After the 25.02 release, NVIDIA Optimized TensorFlow containers will no longer be released.

NVIDIA staff have said the same on the forums, on the “ptxas too old” report for this exact image: Compile error with ptxas too old on latest version(nvcr.io/nvidia/tensorflow:25.02-tf2-py3)

So 25.02 (which is CUDA 12.8, not 13) is the end of the line for TF. The rest of the NGC framework line did move to CUDA 13 and is on the 26.x tags now, which is where my mix-up came from. TensorFlow just didn’t make that jump.

The URLs you asked for:

Good news for your setup: H200 is Hopper (sm_90), which CUDA 12.8 supports fully, so 25.02 is the right and final container for your hardware. The hard “ptxas too old” failure in that thread is on DGX Spark (GB10 / sm_121), a newer architecture than your Hopper card, so it doesn’t apply to you. What you have is the milder case: the +ptx85 line is the container’s older toolchain ignoring a newer PTX feature flag, which on sm_90 isn’t a correctness problem by itself.

Realistic options:

1. Stay on 25.02 (lowest effort, and correct for H200)

It’s the final, validated TF image and it fully supports sm_90; your CUDA 13.2 driver runs it via forward compatibility. Before you treat the +ptx85 warning as a blocker, confirm it’s actually costing you step time. Some XLA JIT compilation at startup is normal on any container version, so the warning by itself may just be log noise.

2. Build your own CUDA 13 + TF image (only if you specifically need the CUDA 13 toolchain)

No NVIDIA-optimized path here, but you can layer the upstream tensorflow pip wheels (or build from source) on an nvcr.io/nvidia/cuda:13.x base.

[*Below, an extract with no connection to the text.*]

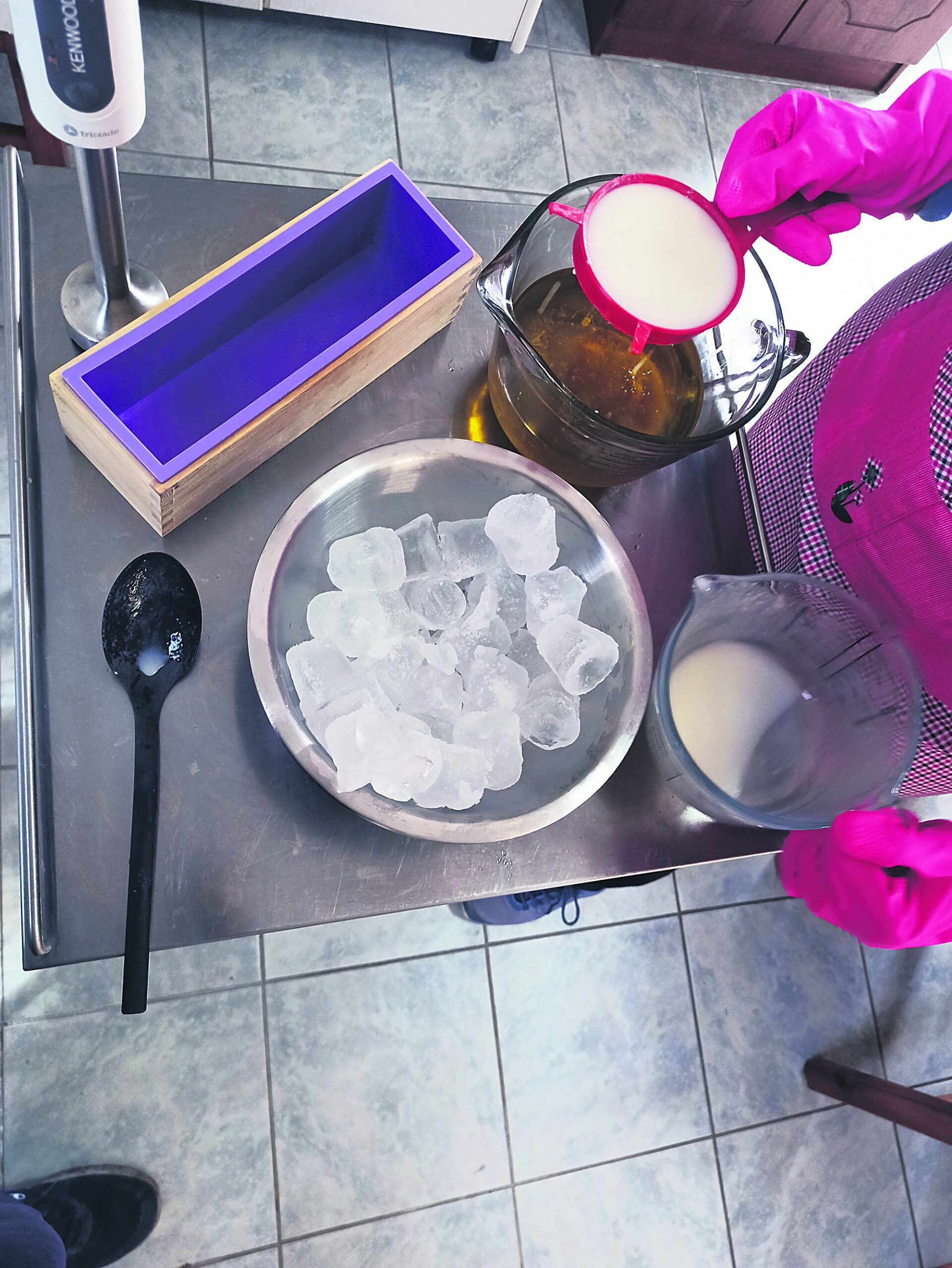 Ξεκινάμε να φτιάξουμε το σαπούνι μας πρώτα παγώνοντας το γάλα. Είναι απαραίτητο αυτό το βήμα για να μην καταστραφούν τα σάκχαρα, αλλά και όλα τα θρεπτικά συστατικά του από την υψηλή θερμοκρασία κατά τη διάρκεια της σαπωνοποίησης. Πρωταρχικό μέλημά μας είναι η ασφάλειά μας, για αυτό φοράμε γάντια κουζίνας, προσωπίδα για να προστατεύσουμε το πρόσωπό μας και μακριά ρούχα. Απομακρύνουμε από το χώρο παιδιά ή κατοικίδια. Ο χώρος που θα δουλέψουμε πρέπει να αερίζεται καλά. Προσθέτουμε την καυστική σόδα σιγά σιγά στα παγάκια του γάλακτος και ανακατεύουμε με σπάτουλα σιλικόνης ώστε να λιώσουν και να διαλυθεί η καυστική σόδα. Η θερμοκρασία του μίγματός μας δεν πρέπει να ξεπεράσει τους 23-25 βαθμούς Κελσίου. Μπορούμε να τοποθετήσουμε το σκεύος με το διάλυμα της καυστικής σόδας σε ένα μπολ με παγάκια για να διατηρήσουμε τη θερμοκρασία του χαμηλή. Το ελαιόλαδό μας πρέπει να είναι σε αντίστοιχη θερμοκρασία με αυτή του διαλύματος καυστικής σόδας.

You give up the NGC tuning and own the XLA/cuDNN compatibility yourself.

3. Switch frameworks for an NVIDIA-optimized CUDA 13 image

Only if your workload isn’t TF-locked: the PyTorch NGC container, for example, is still on the monthly cadence and on CUDA 13 (the 26.x tags).

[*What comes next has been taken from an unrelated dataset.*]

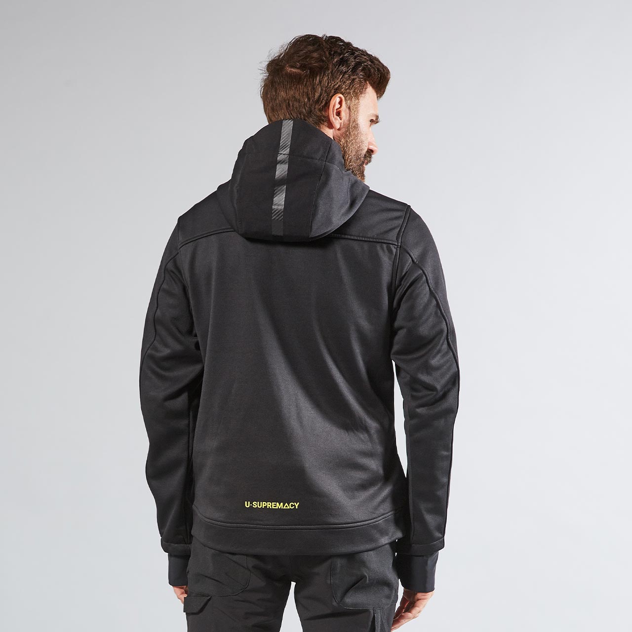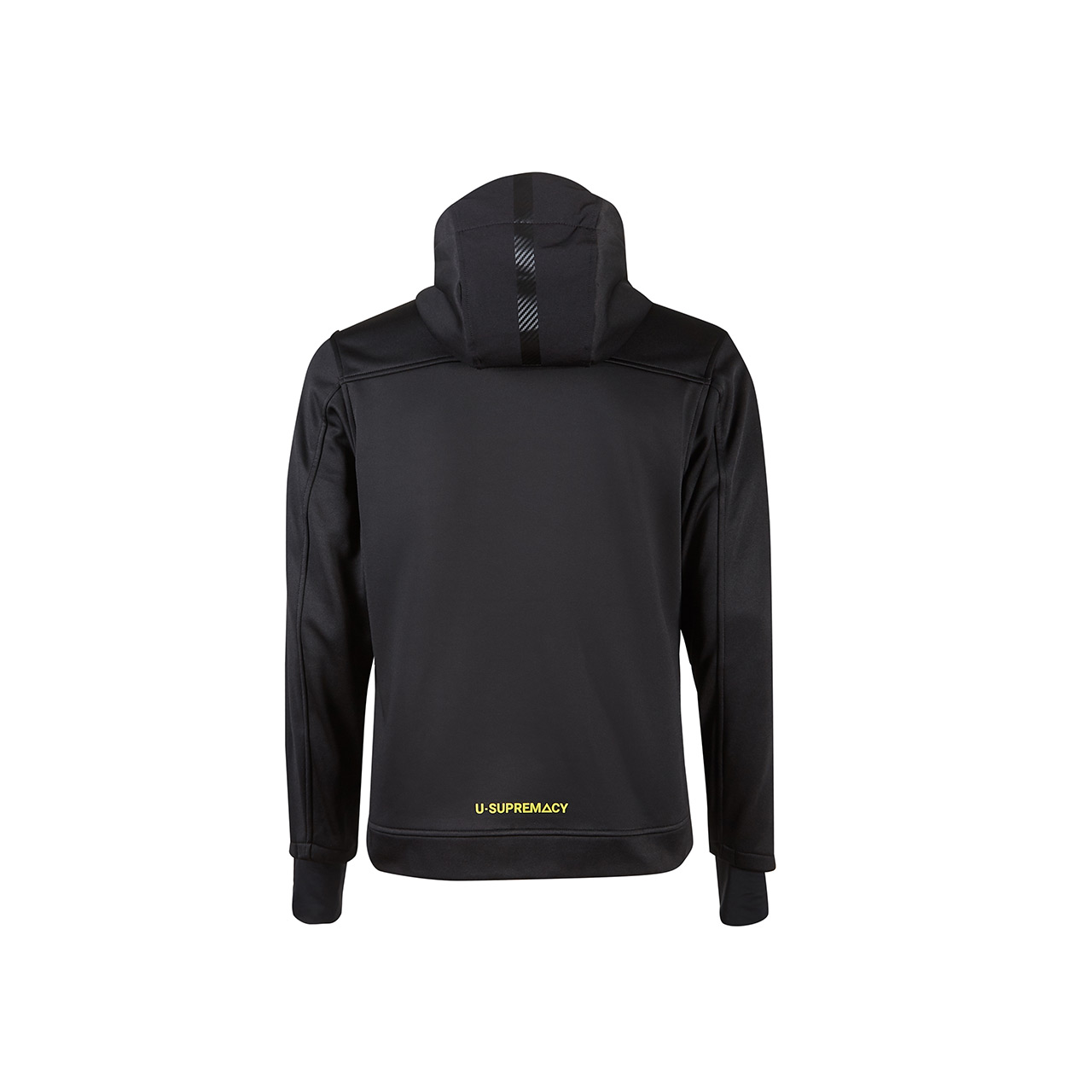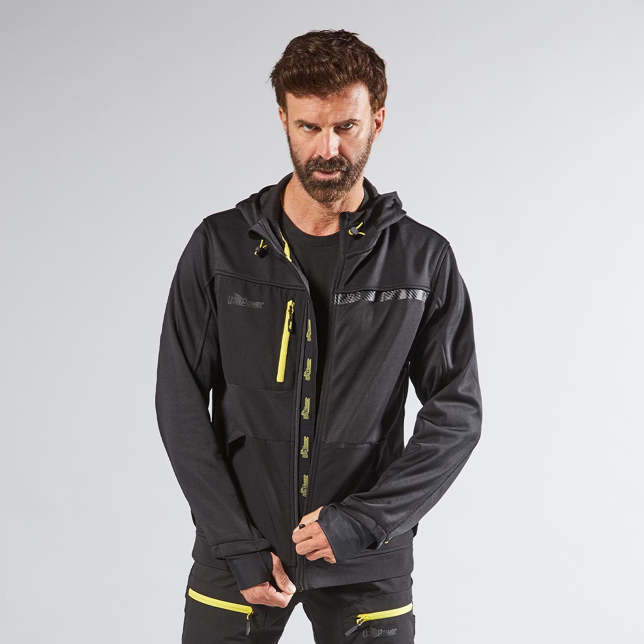 La banda reflectante en el pecho izquierdo y en la capucha garantiza visibilidad en las variantes de color Asphalt Grey y Dark Green, mientras en la variante Black Carbon las bandas tienen un efecto carbono. Impresión del logotipo reflectante “U-Power” del lado derecho del pecho.

If you can share whether you’re seeing an actual step-time regression (vs just the warning in the log), I can help you decide whether option 1 is good enough or whether you actually need the rebuild in option 2.

Thanks,
Atharva

Thanks @athkumar . I believe you are correct that it isn’t affecting performance. It is likely just log noise, although it is quite a bit of noise in our case. Do you know of a way to silence those messages?

I have talked it over with the instructor for the class that this is being set up for and he has decided to transition it to PyTorch. I have tried the latest NGC PyTorch container and it is working just fine.

Thanks very much for your help with this.